━━ Data supplied ━━

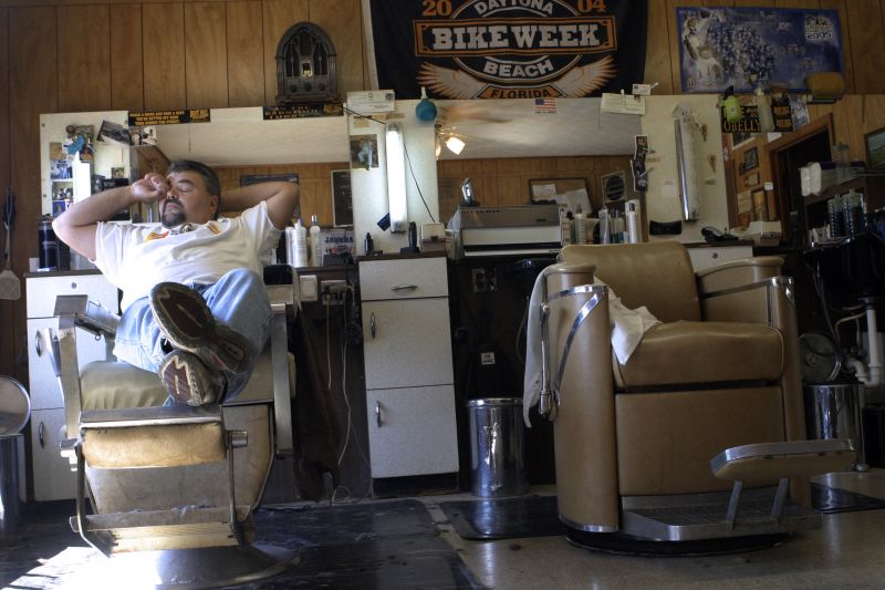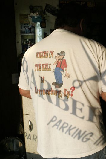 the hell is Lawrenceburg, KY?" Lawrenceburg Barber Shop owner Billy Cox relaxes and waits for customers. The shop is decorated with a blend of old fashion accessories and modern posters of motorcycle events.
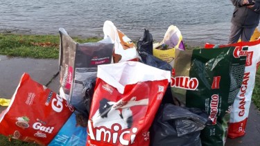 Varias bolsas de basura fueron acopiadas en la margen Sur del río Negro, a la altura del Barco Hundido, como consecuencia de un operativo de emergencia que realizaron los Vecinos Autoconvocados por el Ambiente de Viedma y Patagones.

━━━
━━ Data supplied ━━

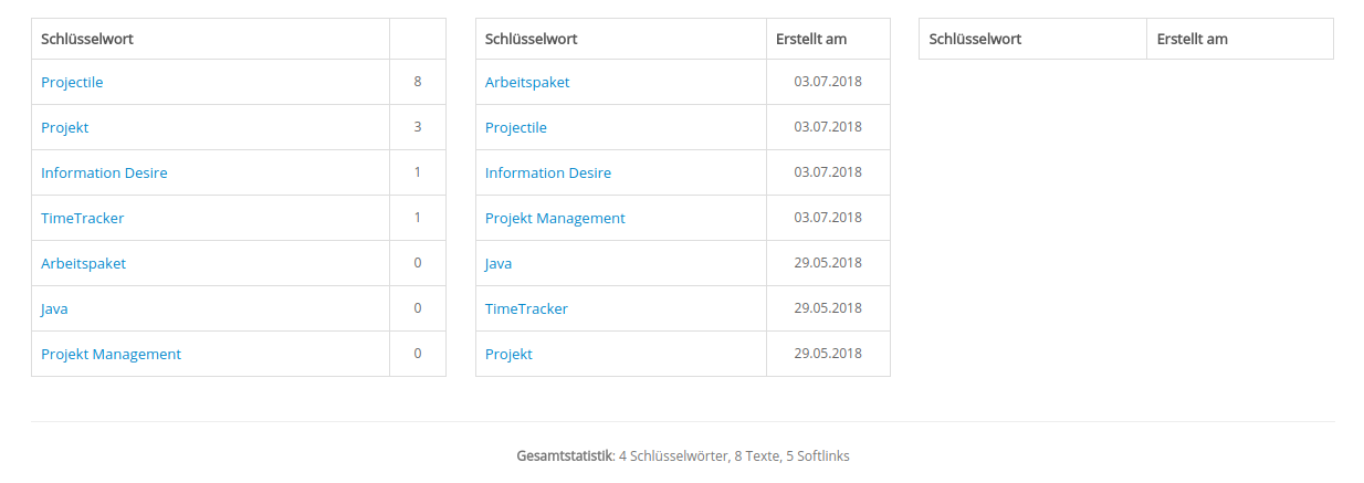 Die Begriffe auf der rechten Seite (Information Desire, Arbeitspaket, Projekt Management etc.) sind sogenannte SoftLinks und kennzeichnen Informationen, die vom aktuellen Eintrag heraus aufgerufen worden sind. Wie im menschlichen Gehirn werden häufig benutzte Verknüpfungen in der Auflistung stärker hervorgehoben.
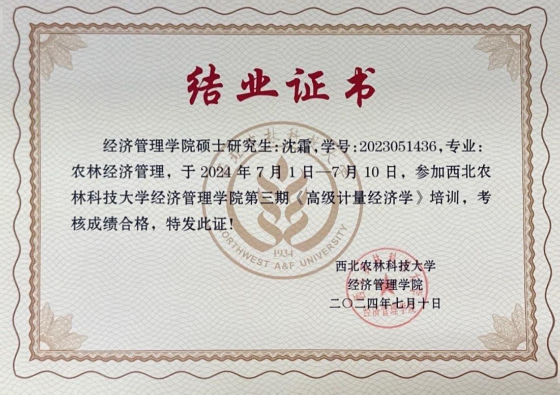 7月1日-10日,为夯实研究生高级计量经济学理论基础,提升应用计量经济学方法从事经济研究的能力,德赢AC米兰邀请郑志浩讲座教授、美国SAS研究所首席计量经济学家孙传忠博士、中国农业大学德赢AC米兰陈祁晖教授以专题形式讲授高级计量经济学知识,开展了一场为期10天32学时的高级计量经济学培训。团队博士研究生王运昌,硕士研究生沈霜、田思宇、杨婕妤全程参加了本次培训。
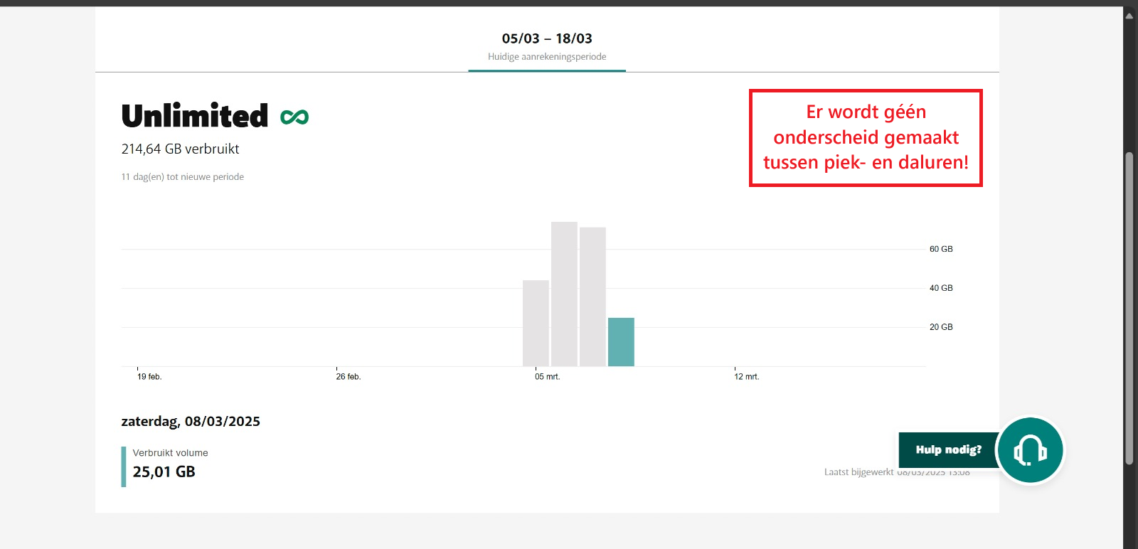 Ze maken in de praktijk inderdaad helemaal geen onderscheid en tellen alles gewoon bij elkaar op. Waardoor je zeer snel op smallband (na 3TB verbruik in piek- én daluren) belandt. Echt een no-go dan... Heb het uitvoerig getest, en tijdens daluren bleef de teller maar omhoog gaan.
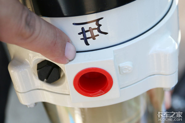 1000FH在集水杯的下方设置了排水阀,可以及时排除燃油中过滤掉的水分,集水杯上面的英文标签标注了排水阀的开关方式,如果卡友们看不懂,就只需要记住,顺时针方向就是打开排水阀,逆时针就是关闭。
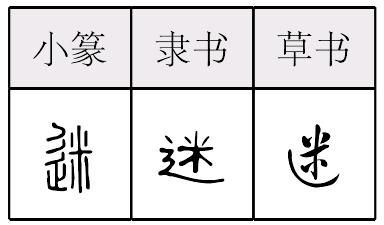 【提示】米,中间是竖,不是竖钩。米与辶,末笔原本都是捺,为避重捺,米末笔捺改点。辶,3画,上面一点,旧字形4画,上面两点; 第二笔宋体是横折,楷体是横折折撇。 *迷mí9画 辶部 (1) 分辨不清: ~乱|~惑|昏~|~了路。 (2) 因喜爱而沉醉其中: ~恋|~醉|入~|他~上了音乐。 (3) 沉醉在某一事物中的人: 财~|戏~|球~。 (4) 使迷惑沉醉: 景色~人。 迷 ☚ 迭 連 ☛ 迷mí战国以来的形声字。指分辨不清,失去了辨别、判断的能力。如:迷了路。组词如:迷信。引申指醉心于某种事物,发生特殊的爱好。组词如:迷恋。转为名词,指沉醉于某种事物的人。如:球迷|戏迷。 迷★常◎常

━━━

Work to be completed:
Exactly the lines above, from the one containing "Ze maken in" down to the one containing "第二笔宋体是横折,楷体是横折折撇。 *迷mí9画 辶部", are to be repeated, including both ends. Pictures are not part of the copy.

Task answer:
 Ze maken in de praktijk inderdaad helemaal geen onderscheid en tellen alles gewoon bij elkaar op. Waardoor je zeer snel op smallband (na 3TB verbruik in piek- én daluren) belandt. Echt een no-go dan... Heb het uitvoerig getest, en tijdens daluren bleef de teller maar omhoog gaan.
 1000FH在集水杯的下方设置了排水阀,可以及时排除燃油中过滤掉的水分,集水杯上面的英文标签标注了排水阀的开关方式,如果卡友们看不懂,就只需要记住,顺时针方向就是打开排水阀,逆时针就是关闭。
 【提示】米,中间是竖,不是竖钩。米与辶,末笔原本都是捺,为避重捺,米末笔捺改点。辶,3画,上面一点,旧字形4画,上面两点; 第二笔宋体是横折,楷体是横折折撇。 *迷mí9画 辶部 (1) 分辨不清: ~乱|~惑|昏~|~了路。 (2) 因喜爱而沉醉其中: ~恋|~醉|入~|他~上了音乐。 (3) 沉醉在某一事物中的人: 财~|戏~|球~。 (4) 使迷惑沉醉: 景色~人。 迷 ☚ 迭 連 ☛ 迷mí战国以来的形声字。指分辨不清,失去了辨别、判断的能力。如:迷了路。组词如:迷信。引申指醉心于某种事物,发生特殊的爱好。组词如:迷恋。转为名词,指沉醉于某种事物的人。如:球迷|戏迷。 迷★常◎常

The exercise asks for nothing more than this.